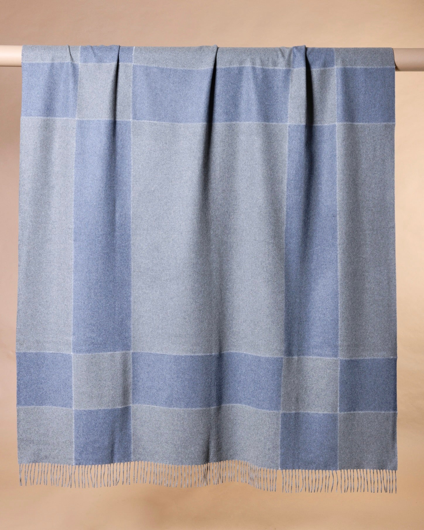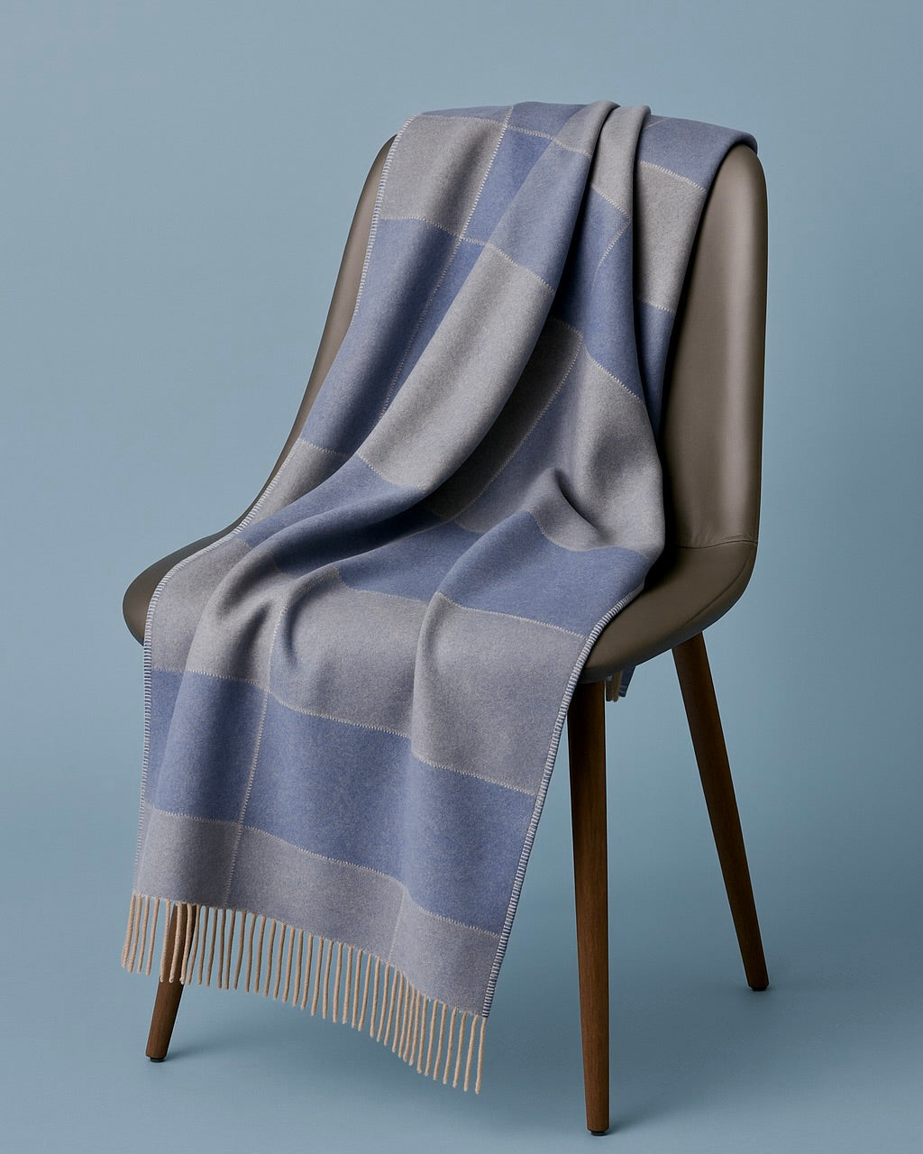 Plaid in puro cashmere, rifinito con l’elegante punto croisette. Il patchwork a cornice esalta la maestria artigianale, creando una geometria armoniosa e sofisticata. Le frange sottili aggiungono movimento e un’eleganza discreta e senza tempo.
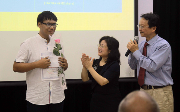 | Apichit nhận giải thưởng bài viết đoạt giải nhất và bài viết được yêu thích nhất trong cuộc thi - Ảnh: CHU HÀ LINH |
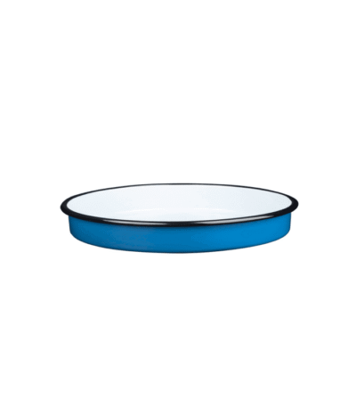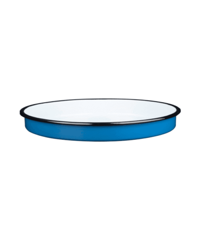 Niska okrągła forma emaliowana, średnica 36 cm, wysokość 3.5 cm, niebieska, kolekcja Plava
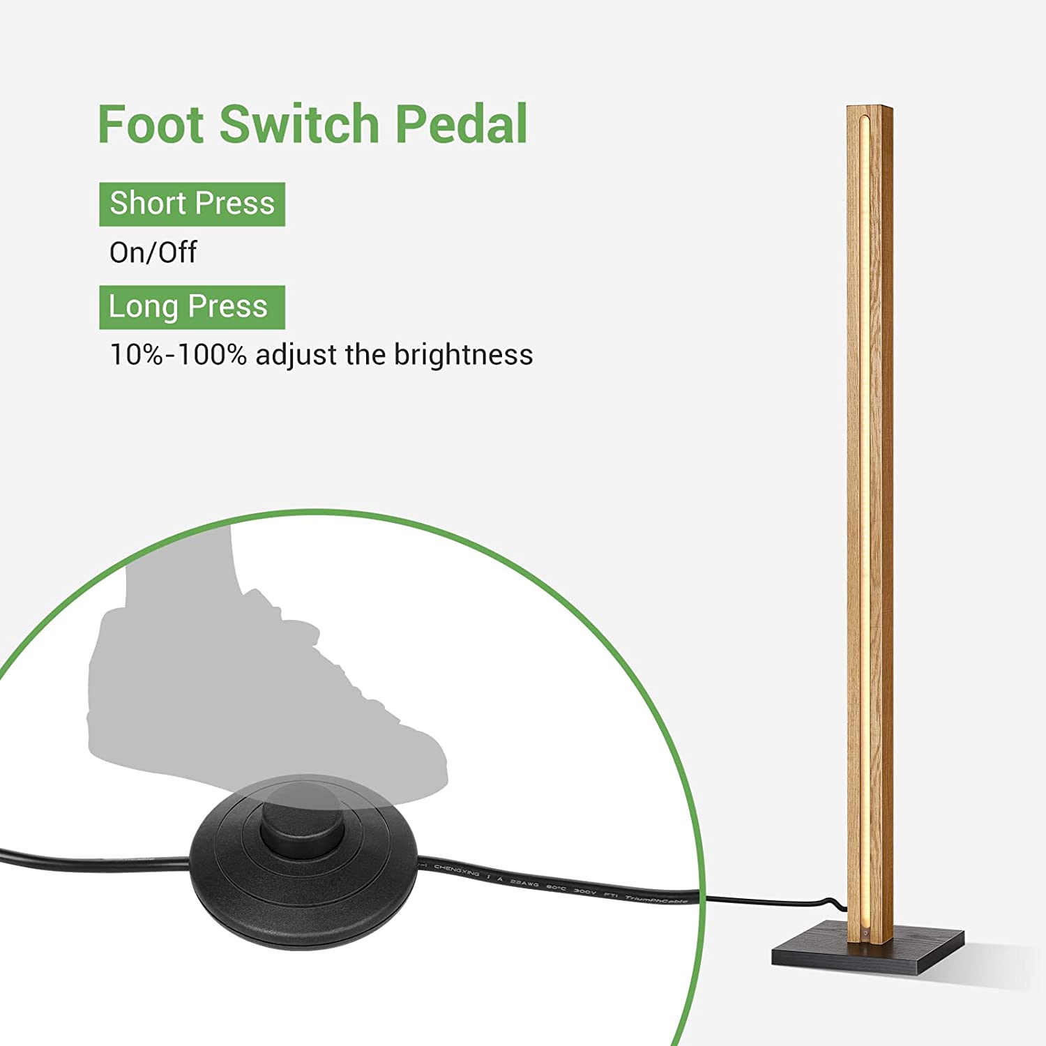 Progettata pensando alla comodità, la nostra lampada da terra a LED è dotata di un interruttore a pedale per un facile utilizzo. Basta premere l'interruttore per accendere o spegnere la lampada, rendendo un gioco da ragazzi controllare l'illuminazione senza dover armeggiare con pulsanti o interruttori. Questo dettaglio di design accurato migliora l'esperienza complessiva dell'utente, garantendo che il funzionamento della lampada sia il più semplice e intuitivo possibile.
+===+
What is required: What should appear is an exact reproduction of the lines from the one with "CHU HÀ LINH |" through the end of the material above, and no pictures.

Response to this exercise:
 | Apichit nhận giải thưởng bài viết đoạt giải nhất và bài viết được yêu thích nhất trong cuộc thi - Ảnh: CHU HÀ LINH |
 Niska okrągła forma emaliowana, średnica 36 cm, wysokość 3.5 cm, niebieska, kolekcja Plava
 Progettata pensando alla comodità, la nostra lampada da terra a LED è dotata di un interruttore a pedale per un facile utilizzo. Basta premere l'interruttore per accendere o spegnere la lampada, rendendo un gioco da ragazzi controllare l'illuminazione senza dover armeggiare con pulsanti o interruttori. Questo dettaglio di design accurato migliora l'esperienza complessiva dell'utente, garantendo che il funzionamento della lampada sia il più semplice e intuitivo possibile.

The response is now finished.